Артемьич стоял у приоткрытого окна и курил с необыкновенно строгим видом – словно церемонию государственного значения исполнял. Однако, увидев меня, мгновенно оживился, поплевал на окурок и замахал рукой: заходи! Я оставил машину у ворот и вошел в избу. Тетки Татьяны дома не оказалось. Рассказывая в лицах, как жена допытывалась, что я за человек, Артемьич принял у меня опята, налил кружку мутноватого кваса с ароматом хрена, показал, где сортир, дождался возвращения оттуда, проводил в мою комнату, а потом вдруг прервался на середине фразы и спросил:
– Ну, чего нарыл, ветеринар?
– Да так, – уклончиво сказал я. – Пока ясно, что ни черта не ясно.
– А ты поспрашивай знающих людей. Может, повезет интересное услышать.
– Знающий – это, видимо, ты?
– Так и есь!
– Ладно. Обязательно воспользуюсь советом. Но сперва прилягу, вздремну. Что-то меня разморило.
– Конечно, ложись. – Он убрал с подушки накидку, украшенную вышитыми георгинами. – Только разденься, а то Танюха осердится.
Я сбросил одежду, стянул носки и в одних трусах бухнулся на кровать.
– Удобно? – заботливо поинтересовался Артемьич.
– Красота!
– Ну тогда я пойду. Когда разбудить-то?
Я взглянул на часы. Было чуть больше пяти пополудни.
– В восемь вечера.
– Хорошо. Как раз ужин поспеет. Баньку истопить?

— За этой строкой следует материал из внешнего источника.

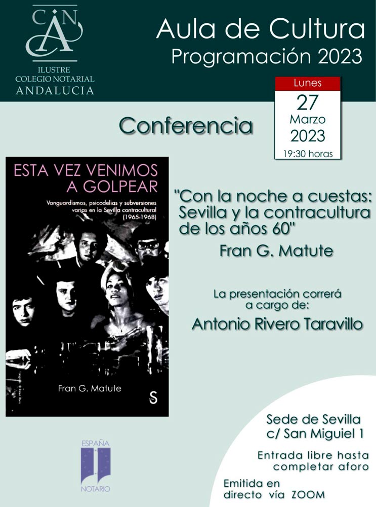 En el Aula de Cultura del Colegio Notarial de Andalucía tenía lugar a finales de marzo la presentación del libro Esta vez venimos a golpear. Vanguardismos, psicodelias y subversiones varias en la Sevilla contracultural (1968-1968).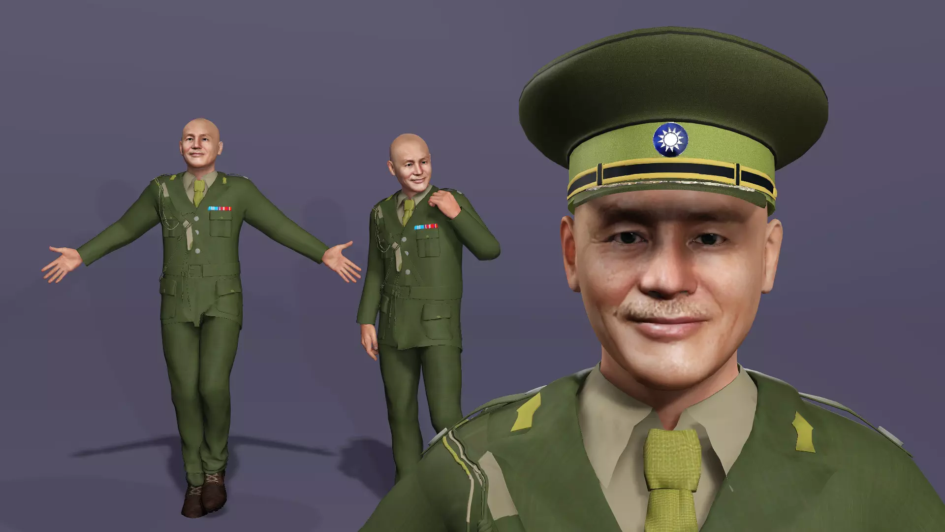 Realistic human 3D Model, the character is 90% similar to the President Chiang Kai-shek of the Republic of China.

Я задумался. Если бы не предстоящая поездка на летний выпас, банька оказалась бы очень кстати. Однако ночью желательно быть не распаренным и умиротворенным, а собранным и злым.
– Не надо. На вечер у меня другие планы.
– Как знаешь.
Артемьич вышел из комнаты, а я закрыл глаза и задумался. Новые факты кое-что меняли в ситуации, и не сказать чтоб эти изменения очень мне нравились.
Еще недавно падеж коров и гибель скакуна можно было объяснить действиями высшего против Байрактаров и господина Коремина. Озоровал какой-то патриарх, чтоб довести министра до инфаркта, обычное дело. Но после обнаружения чудовищного младенца все несколько запуталось.
Теперь следовало принимать во внимание не только продвинутого кровососа, но и мамочку упыренка. Странную, между прочим, мамочку. Можно даже сказать – загадочную. Во-первых, не сидит днем возле чада. (А где сидит?) Во-вторых, откуда взялась, кем заражена? В-третьих, чем питается? Причем настолько ловко прячет следы своих трапез, что местные о ее жертвах не знают. А ведь в шкуре упыря, судя по изменениям во внешности ребенка, мамочка пребывает около месяца. Голодать столько времени она не могла.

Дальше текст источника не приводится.